Trauma terhadap serangan Inggris pada 1816 yang menjatuhkan Hindia Belanda, membuat Van den Bosch membuat satu garis pertahanan yang terkenal dengan sebutan “Defensielijn van den Bosch”.
Sebagai tanda pergantian pasukan jaga benteng, setiap pukul delapan malam dan lima pagi meriam disundut: blegur blegur!
Hampir seantero Batavia mendengarnya. Penghuni kota lantas menjadikannya petunjuk waktu.
Namun, pada awal 1903, tradisi menembakkan meriam ini dihentikan karena dianggap sebagai pemborosan.
Sehingga terjadilah protes oleh masyarakat yang merasa kehilangan patokan waktu.
Protes tak didengar, tetapi orang Betawi tidak pernah lupa dengan dentuman meriam itu.
Mereka lantas memanifestasikannya ke dalam bentuk permainan bleguran.
Permainan ini kemudian sering muncul pada saat-saat menjelang bulan puasa hingga tiba hari Lebaran, di mana soal waktu menjadi begitu istimewa.
Saking istimewanya, Guru Manshur seorang mualim Betawi yang banyak menulis buku soal puasa mengatakan bahwa puasa itu sejatinya adalah konsep waktu agar tidak seperti “celepuk kesiangan”.
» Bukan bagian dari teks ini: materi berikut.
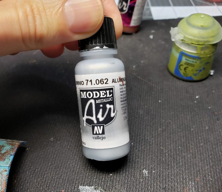 After the varnish has dried, I come back with a sponge with vallejo aluminum air, and chip the edges and some of the larger chips to indicate where fresh metal has been exposed. Adds another layer of variety and interest to the model, and really catches the eye in person.
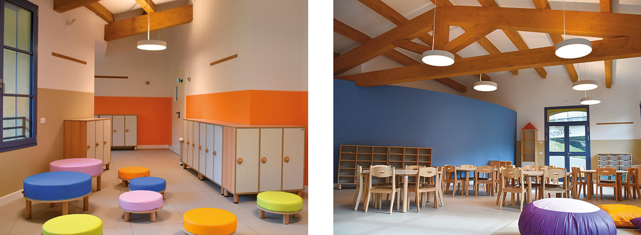 Dall’aula attività libere è possibile accedere alle due classi dell’infanzia, progettate in modo da consentire un uso vario del locale: lo spazio architettonico può essere organizzato a seconda delle necessità didattiche e pedagogiche.
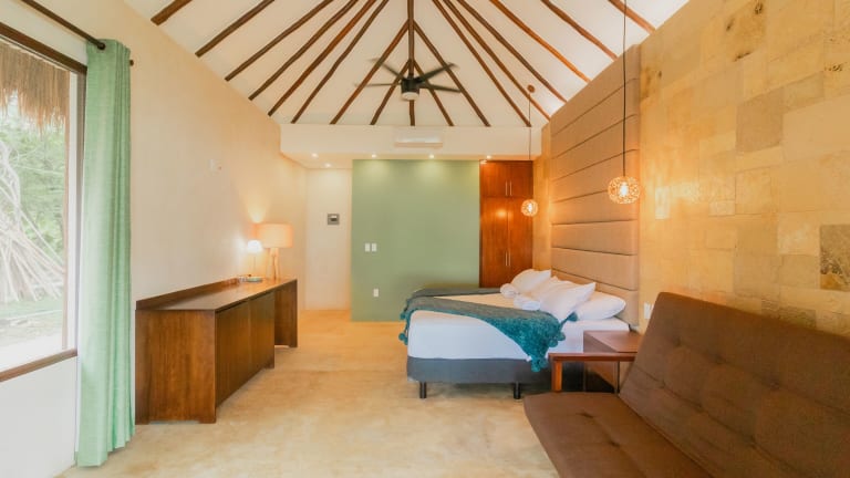 Die Zimmer in der Unterkunft Mayan Playa Bacalar sind mit einer Klimaanlage, einem Schreibtisch, einem Flachbild-TV, einem eigenen Badezimmer, Bettwäsche, Handtüchern und einer Terrasse mit Seeblick ausgestattet. Zudem verfügt jedes Gästezimmer über einen Kleiderschrank.

Ini ungkapan Betawi untuk menggambarkan bahaya dari tidak mengelola waktu dengan baik.
Sehingga orang dicaplok oleh waktu dan hidup tidak selamat.
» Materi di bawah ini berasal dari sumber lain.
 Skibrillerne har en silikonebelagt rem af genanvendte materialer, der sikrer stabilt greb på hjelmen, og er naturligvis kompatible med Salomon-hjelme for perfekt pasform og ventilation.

Sahur, imsak, dan berbuka adalah ajaran betapa seseorang tidak harus berkompetisi dengan waktu, tetapi berdamai.
Manusia harus memaknai waktu sebagai medium untuk belajar menahan diri, ikhlas, serta tegas atas hak dan batil.
Sehingga, kemudian bisa menjadi manusia yang memiliki kemanusiaan “in optima forma”.
Dalam konteks itulah dentum bleguran yang dimainkan anak-anak di bulan Ramadan adalah peringatan agar manusia tidak lupa.